Ces deux vers, et d'autres après, nombreux, ne sont pas des alexandrins. Pas si l'on respecte les règles de versifications classiques suivies par Racine, Corneille, Molière, Ronsard, Hugo... notamment relatives au e muet et au e sonore, à la diérèse et à la synérèse... Autant de noms barbares pour autant de règles qui fondent la métrique de l'alexandrin.

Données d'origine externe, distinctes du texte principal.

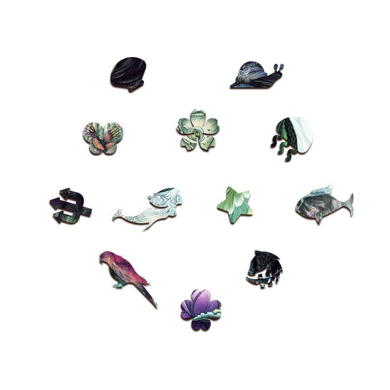 Jedes Teil hat eine einzigartige Form und stellt entzückende Tiere, Blumen und Pflanzen dar. Lebendige Farben und komplizierte Designs erwecken die Puzzles zum Leben.
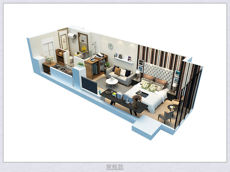小户型公寓3D户型图渲染设计

Ainsi "Elle n'est plus là la Belle" mesure treize pieds, le vers suivant treize,
"Est-ce une raison, Madame, pour qu'ainsi votre époux" 14
"Et de la surveillance relâchant l'attention" 14
C'est le respect formel de cette métrique et de ces règles qui donne aux alexandrins de Racine ou d'Hugo leur chant si particulier. Et c'est à ce chemin que je suis accoutumé, dont je suis prisonnier même. Puisque la lecture de chaque vers "mal mesuré" m'obligeait à une gymnastique cérébrale assez contraignante qui déréglait la fluidité du texte et le chant des vrais et superbes alexandrins dont ta pièce recèle aussi en (grand) nombre. Je te l'avoue, j'ai interrompu ma lecture. Contrarié, malheureux même comme je l'ai dit plus haut.
Le lendemain, je me suis convaincu de lire Dom Juan dans son intégralité en essayant de m'affranchir de mes habitudes et des règles formelles dont j'étais pétri. Ce ne fut pas toujours facile mais j'ai lu. Et peu à peu j'ai oublié l'incomfort du premier rendez-vous et ai reconnu la beauté du
"Objet de tous les voeux, chimère obscurantiste
Ce n'est que par les sots que ton règne persiste"
"Vous voudriez, Monsieur, qu'après qu'il m'a tuée
J'accorde mon pardon à qui m'a condamnée"
...
"Mon amour revenu me ramène en souffrance"
Et tant d'autres vers.
Mais le mal était fait. Hélas. Et jusqu'à la fin, l'irrégularité de certains vers me tapait dessus. Et la musique déraillait. J'ai remonté Dom Juan à Paris. Ne me résignant pas à le laisser à la campagne. Voulant le garder près de moi. Pour essayer encore. Y plonger au hasard d'une fin de journée. Ou au commencement d'une autre. Chaque fois l'impression est la même. Je bute. Mis à mal par cette rythmique qui ne me rentre pas.
Voilà mon ami. Ces terribles choses que je voulais te dire. Ces terribles mots. Et finalement bien mal choisis.
J'espère vivement que cette lettre ne t'affectera pas d'une outrageuse façon et que tu me conserveras une amitié fidèle."